Solar panels are getting cheaper all the time. But, for people on a tight budget, they can still seem pretty expensive. That goes double if you’re in a rental and can’t wait ten years for your solar investment to pay off. In this post, we’ll look at some strategies you can use if you want to experiment with solar on little or no money.
Firstly, don’t be afraid to hunt for bargains. eBay is full of vendors selling cheap panels, either because of cosmetic flaws or because the firm that produced them went bust. Surplus stores like Electronics Goldmine often have small ‘solar scraps’ for sale, and sometimes larger ones. Don’t let the fact that they’re the products of ‘minor league’ firms put you off if the price is right.
What’s that? You don’t want to pay anything at all? Difficult, but not impossible. We’ll start with the obvious advice: keep your eyes peeled! Like windows and doors, panels are too big to make obvious candidates for a yard sale. If a new owner doesn’t want them, they may end up tossed in the dumpster. (If you’re planning an evening’s dumpster diving, remember to bring heavy gloves and eye protection.)
Neighbours too canny? Head out of town. Go to the electronics store, or the garden centre — anywhere that stocks panels, in fact. Solar panels are heavy and brittle, and they aren’t a trucker’s favorite load. It’s pretty common for a few panels to get broken in a big shipment.
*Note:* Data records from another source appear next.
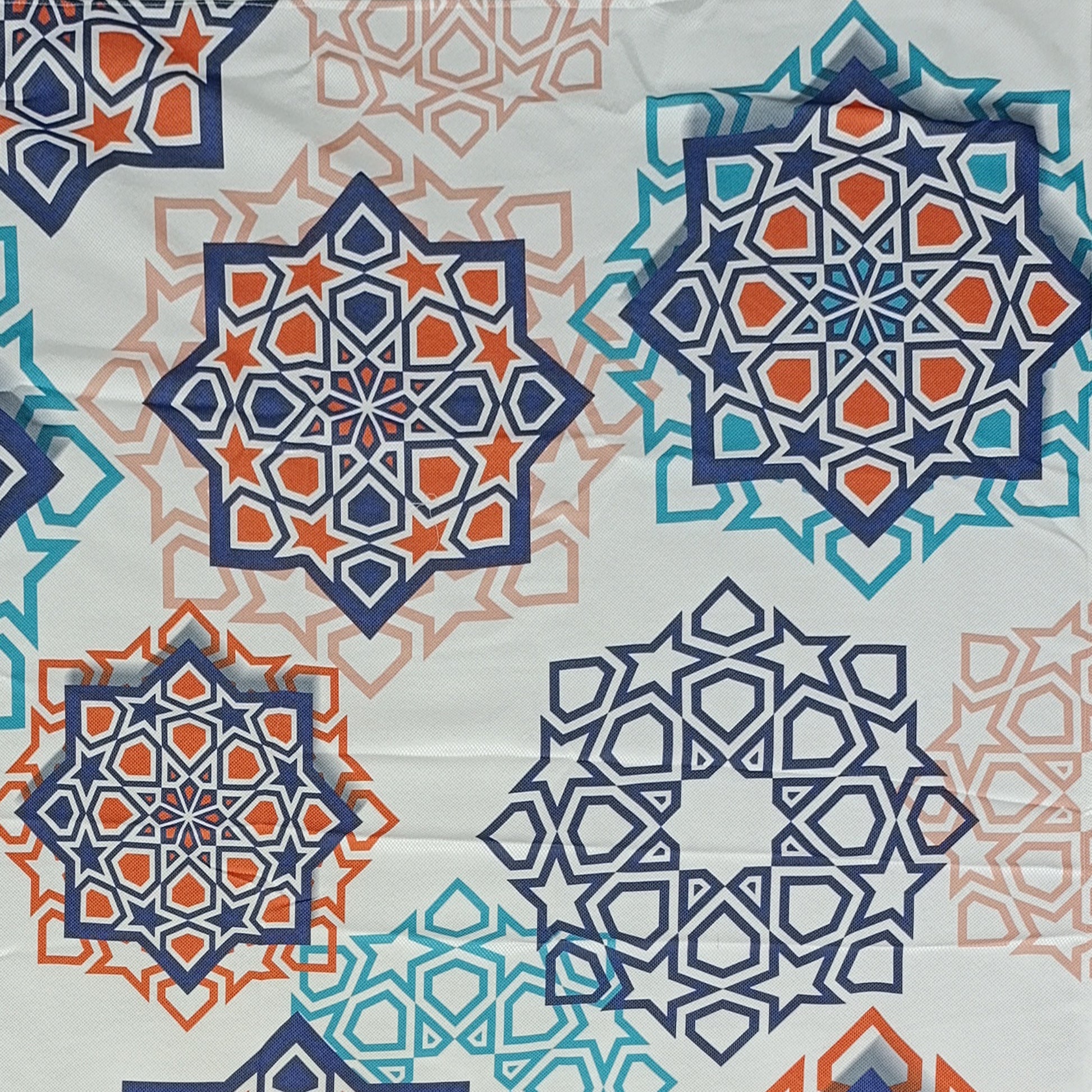 Transform your dining space into a festive celebration with this elegant Ramadan tablecloth featuring intricate Islamic-inspired designs. The pristine white fabric is beautifully adorned with gold-printed motifs including traditional lanterns, crescent moons, ornate stars, and delicate mandala patterns that capture the spiritual essence of Ramadan and Eid celebrations. Each decorative element showcases exquisite geometric detailing that adds a touch of sophistication to your table setting. This decorative table cover creates the perfect backdrop for iftar gatherings, suhoor meals, and Eid festivities, bringing warmth and elegance to your dining experience. The timeless gold and white colour scheme complements any dining room décor whilst honouring the rich cultural traditions of the holy month. Whether you're hosting family dinners or special celebrations, this tablecloth protects your table surface whilst creating a memorable atmosphere for your guests. The Islamic lantern and celestial motifs serve as beautiful conversation starters and add meaningful symbolism to your dining occasions throughout the blessed month of Ramadan.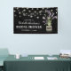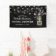 Bannière de douche nuptiale rustique avec un arrière - plan noir, lampes à cordes, bocal de maçon aux fleurs de lavande violette, enveloppé de burlap avec les initiales des couples et un modèle de douche nuptiale facilement personnalisable.
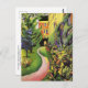 Carte postale avec le tableau du paysage, Our Garden with Flower Beds in Bloom (1912), de l'artiste expressionniste allemand August Macke (1887-1914) qui a perdu la vie dans la Première Guerre mondiale. Un jardin fleuri et un chemin devant une maison jaune.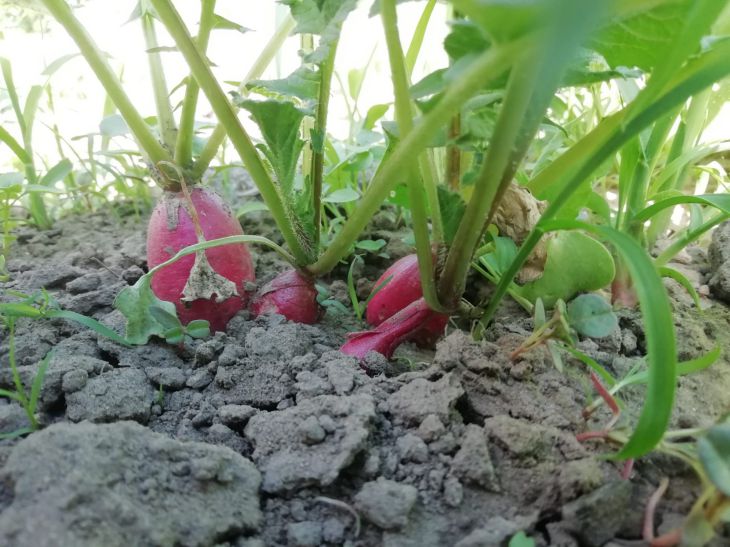 Некоторые огородники используют шпинат как соседнюю культуру. Он быстро растет и защищает почву от пересыхания, что снижает стресс для редиса.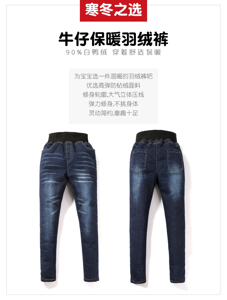 Штаны с пухом, удерживающие тепло детские зимние джинсы, высокая талия, подходит для подростков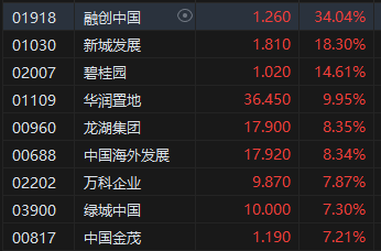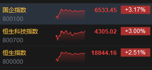 9月4日消息,今日港股三大指數(shù)高開高走,截至收盤,恒生指數(shù)(18844.16, 462.10, 2.51%)漲2.51%,報(bào)18844.16點(diǎn),恒生科技指數(shù)(4305.02, 125.53, 3.00%)漲3%,國(guó)企指數(shù)漲3.17%。盤面上,科網(wǎng)股普遍上漲,京東漲近5%,百度、阿里、美團(tuán)漲超3%;造車新勢(shì)力齊漲,零跑漲近7%領(lǐng)銜;旅游股漲幅居前,中國(guó)中免(114.9, 9.60, 9.12%)漲超9%,香港中旅(1.61, 0.12, 8.05%)漲超8%;內(nèi)房股集體強(qiáng)勢(shì),帶領(lǐng)物管股、建材水泥股齊漲,融創(chuàng)中國(guó)(1.26, 0.32, 34.04%)漲超34%領(lǐng)銜;半導(dǎo)體概念股漲幅居前,中芯國(guó)際(21.85, 2.15, 10.91%)尾盤拉升收漲近11%;有色金屬板塊漲幅活躍,中國(guó)鋁業(yè)(4.33, 0.54, 14.25%)漲超14%;銀行股、內(nèi)險(xiǎn)股、石油股表現(xiàn)強(qiáng)勁。

Now, the term ‘broken’ can mean different things to different people. For instance, if the glass protection in front of the cells is cracked, the store clerk may see the panel as unsaleable. An ordinary Joe with a garage, a screwdriver and a replacement glass may take quite a different view.
But maybe the panel really is broken, with cracks in the backing sheet that holds the cells? Not always a problem. Remember, every panel is made up of multiple cells. All you have to do is cut away the damaged ones, wire up the good cells to the panel outputs, and you’ve got a smaller, working panel. If you get really good at wiring, you might go the whole hog and start building your own solar panels out of what you salvage.
By the way, if you’re into salvage, focus on the good stuff. You’ll likely have more fun with high-end monocrystalline cells than junked last-generation thin film.